Letter from Sedona: The Great White Dog

I met the great white dog, Hanta Yo, on my first trip to Sedona (See my post two Sundays ago: Letter from Sedona). The second time I was with Hanta was when we went walking in the wilderness and climbed a great red rock—the shaman, my daughter Michaela, me, and a second dog, Cheyenne.

As we rode along in his truck, Clay – the shaman – asked if we had any “restrictions.” “Well, I’m old, I said.” He laughed and said, “What’s old?” Well, okay, I thought. Let’s see what happens. We rode along on narrow dirt roads through what looked like barren desert, but now and then he would point out a bush or a flower and tell us what they had been used for by Native peoples. The desert is a beautiful place if you know how to look at it. Hanta rode along in the back seat as if he did this every day.

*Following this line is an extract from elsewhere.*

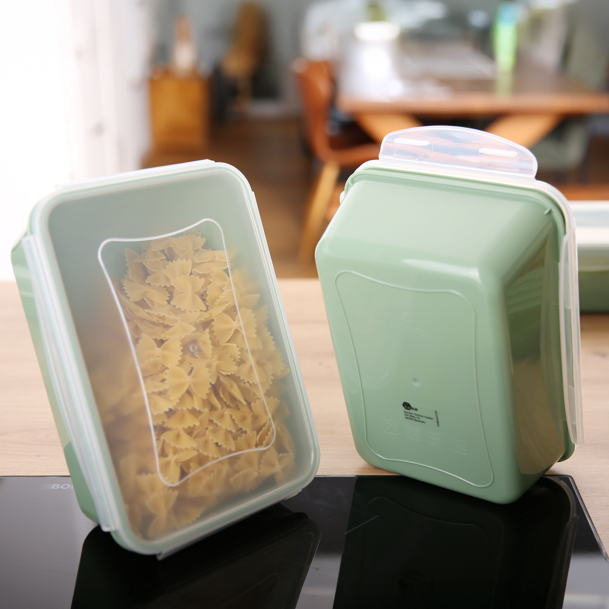 I coperchi trasparenti offrono una chiara visione del contenuto dei contenitori verdi. Questo è particolarmente pratico per conservare provviste nel cassetto della tua cucina.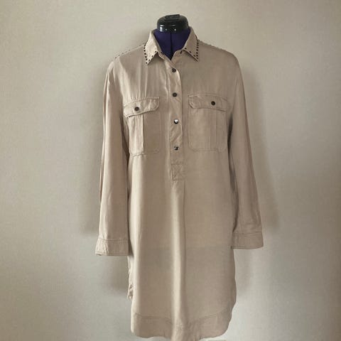Kjolen har krage i halsen og er i lekker A-fasong. Den har en utrolig flatterende passform.

He did, of course.

A great red rock loomed in the distance. Clay stopped the truck. “That’s where we’re going,” he said. It didn’t occur to me that he meant we’d climb it. He started out toward it. The dogs and Michaela and I followed him. When we reached the foot of the great rock, he turned to us and said, “Three things: Follow my feet, don’t look down, and don’t stop.” For some crazy reason, I wasn’t afraid. He held a coiled rope in back of him. “If you need to hold onto something, grab this.” I’m sure he meant, don’t grab me. He started ahead, holding the coiled rope in back of him.

Up, up, and up, we went with rocks for stair steps. I was behind him, my eyes riveted on his feet. Sometimes the path was no wider than a foot.  Michaela was behind me. Some of the rocks were too high for me to step over. I had to crawl over them. Clay just kept going, not looking back. As we climbed higher, it got hotter and hotter. We were carrying nothing – no water, no nothing. We needed our hands free. I began to feel lightheaded.  Please don’t let me faint, I prayed. That would be stupid. And embarrassing. Finally, I had to stop before I did faint. “I need to stop,” I said. I sat down on an enormous rock and dropped my head between my legs. Nobody said a word. Clay was above me, looking down. Michaela was below me. They waited. Thankfully, no one said a word. All of a sudden, I felt a huge presence in front of me. I lifted my head. It was Hanta Yo. He had walked up to me and come very, very close. I looked at the big, calm face in front of me. I had never seen anything so still in my life. It was as if he had come to lend me his strength. He did not move. Neither did I. His eyes were confident, reassuring. In a while, I felt myself returning to normal. I rubbed his head and said, “Thank you, Hanta.” Recovered, I turned to follow the feet again.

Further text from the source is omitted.